NEWS

Climate change could bring twice as many big El Niños

Sammy Roth
The Desert Sun
There is growing evidence California could see an even stronger El Niño event this winter than it did in 1997.

Scientists have long wondered whether rising global temperatures will lead to an increase in intense El Niño events, like the one that could bring major storms to Southern California this winter. According to a groundbreaking study published Monday, the answer is a resounding, “Yes.”

If human beings don’t slow their emission of planet-warming greenhouse gases, extreme El Niños could nearly double in frequency — from once every 28 years to once every 16 years on average, the new study found. That could spell trouble for California, which experienced mudslides, flooding and $500 million in damage during an intense El Niño in the late 1990s.

The idea that global warming will lead to stronger El Niños makes perfect sense, said Bill Patzert, a NASA climatologist who was not involved in the study. That’s because El Niños are driven largely by warming water in the tropical Pacific Ocean, which will get especially hot as the world temperatures rise.

“Already, 90 percent of all the heat is taken up by the oceans. More heat will accumulate in the tropics,” Patzert said. “Intuitively, this makes an awful lot of sense.”

An unidentified man inspects a home that was damaged by a mudslide in Rio Nido, California in 1998. California saw widespread flooding and mudslides that caused more than half a billion dollars in damage.

If a strong El Niño materializes this winter, as scientists have predicted, it could make a dent in California’s historic four-year drought. But in the long term, experts cautioned, an increase in extreme El Niños won’t offer much relief from the longer, more frequent and severe droughts that climate change is expected to bring.

An increase in extreme El Niño events will probably be accompanied by an increase in extreme La Niña events, which lead to dry winters in California. Additionally, El Niño events contribute a small fraction of California’s overall water supply, and that won’t change much even if strong El Niños happen more often.

“The background climate state has a trend in California — and most of the Western U.S. — toward increased drought,” said Kim Cobb, a climate scientist at the Georgia Institute of Technology and co-author of the new study. “That’s just how climate change marches forth, decade by decade, in California. That’s going to the major force.”

El Niño events also put critical infrastructure, including major highways, at risk. State officials list about 450 bridges as potentially unstable during intense floods, including five in the Coachella Valley — two of which are traversed by 80,000 drivers per day.

During the last two major El Niños, Patzert noted, there were no droughts, so there was nothing to be hopeful about.
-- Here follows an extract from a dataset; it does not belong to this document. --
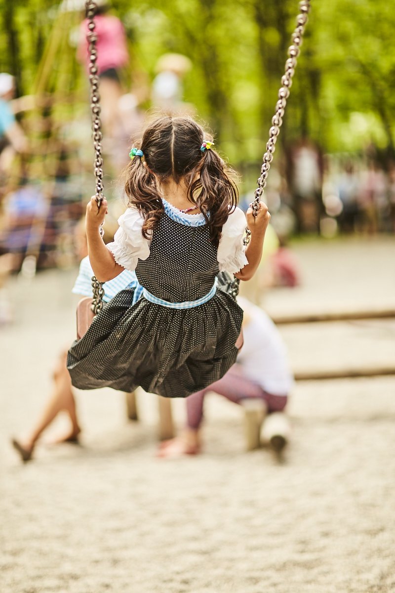The playground is raised on a plateau and is therefore easily visible. We have placed tables directly around the playing area. This means it's not just the children who have fun — mums and dads can also relax and enjoy their beer garden visit.

“This event, if it delivers, people are thinking in terms of drought relief,” Patzert said. “But that’s not how it played on the marquee in the past couple of big events. It played as mudslides, flooding, general havoc.”

A German shepherd sniffs behind a flooded sign and sandbags posted at the intersection of Mesquite and Cahuilla Avenues in Desert Hot Springs on Feb. 6, 2010.

The new study, “ENSO and greenhouse warming,” was led by Australian researchers and published in the peer-reviewed journal Nature Climate Change. More than a dozen scientists surveyed existing research on El Niño, finding widespread agreement among the latest models that climate change will lead to an increase in extreme El Niño events.

The lead researcher on the study was Wenju Cai, a climate scientist at Australia’s Commonwealth Scientific and Industrial Research Organisation. Cai called the relationship between climate change, El Niño and La Niña a prime example of what scientists mean when they say climate change is causing more extreme weather events of all stripes.

“Each kind of extreme event will occur more often,” Cai said in a Skype interview Monday. “A huge La Niña would tend to cause big droughts in the southwest U.S., but El Niño will give you floods.”

Researchers noted it’s difficult to say with certainty how complex global weather patterns like El Niño and La Niña will impact specific regions. Cai’s group defined “extreme” El Niño events as those involving average winter rainfall of at least 5 millimeters per day in the eastern equatorial Pacific, but there’s no guarantee those conditions would lead to intense storms in California.

Another key point: A doubling of extreme El Niño events isn’t set in stone.

Researchers based their projections on a “business as usual” climate change scenario, in which human beings continue spewing carbon into the atmosphere unabated. If world governments take strong action on climate change — and global emissions stop rising around 2060 — the increase in extreme El Niños could be limited to about 30 percent, Cai said.